Although the Tata Group’s Ginger Hotel, the state assembly’s residential complex, Doordarshan Kendra, and the highest literary organization Assam Sahitya Sabha are among the institutions that will be relocated, the bulk of lower-income households have really been affected by eviction. The majority of these evicted households are from indigenous groups including the Bodo, Karbi, Mishing, and Miya tribes.
Moving becomes a kind of quiet aggression.
Despite the fact that the incidents are different, there is a relationship between the most recent evictions in Assam.
First off, landless indigenous and Miya groups make up the majority of eviction victims.
Second, the majority of them are from the lowest social classes.
Thirdly, and most significantly, a number of players use polarization to undermine the cohesiveness and resistance of the displaced families. It is a crucial factor in the evicted communities’ inability to organize their voices and convey their opposition on a single platform, resulting in their voices being gone in a flash.

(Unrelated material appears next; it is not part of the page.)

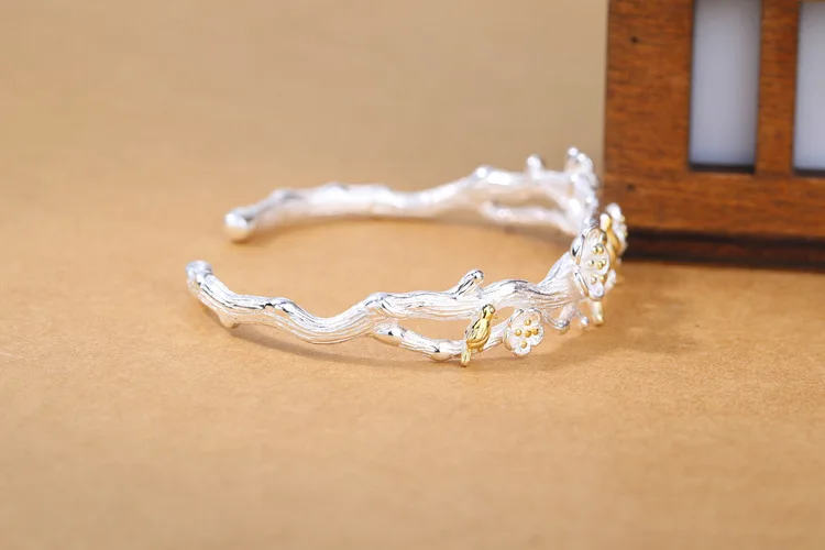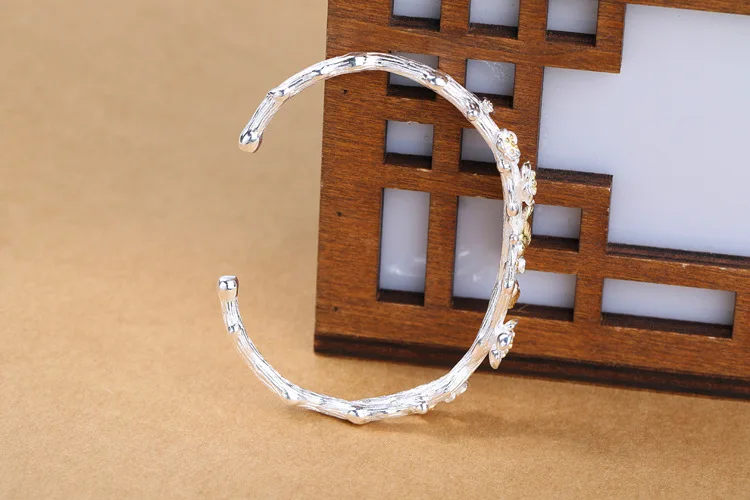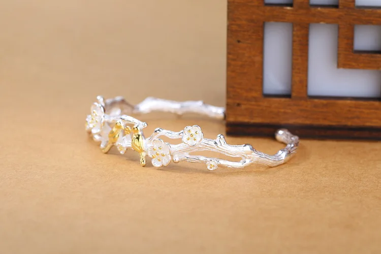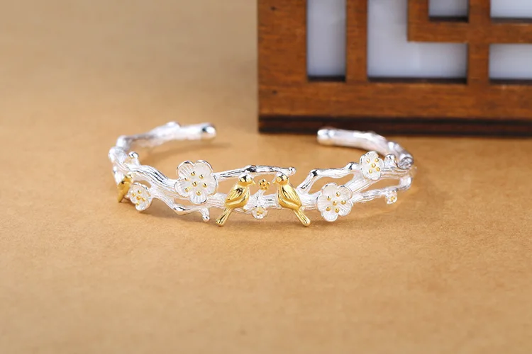 Victoria’s Vogue New Arrival Temperament Creative Fashion 925 Sterling Silver Jewelry Bracelets Cute Bird Plum Blossom Christmas Bangles

Furthermore, Assam’s organized protest and resistance areas are being progressively repressed by the government. In the context of landlessness and conservation politics, eviction therefore takes on the form of silent violence. Some voices are calling for social justice amidst this quiet brutality. For instance, in a 19-second viral video, a seven-year-old kid requests that authorities hold off on arriving at the Silsako eviction site for 10 minutes since he has not yet packed up his belongings. In light of the politicization and polarization of evictions, how effective is the current state in delivering social justice? Given the political unrest that is now occurring in Assam, it is the most delicate subject.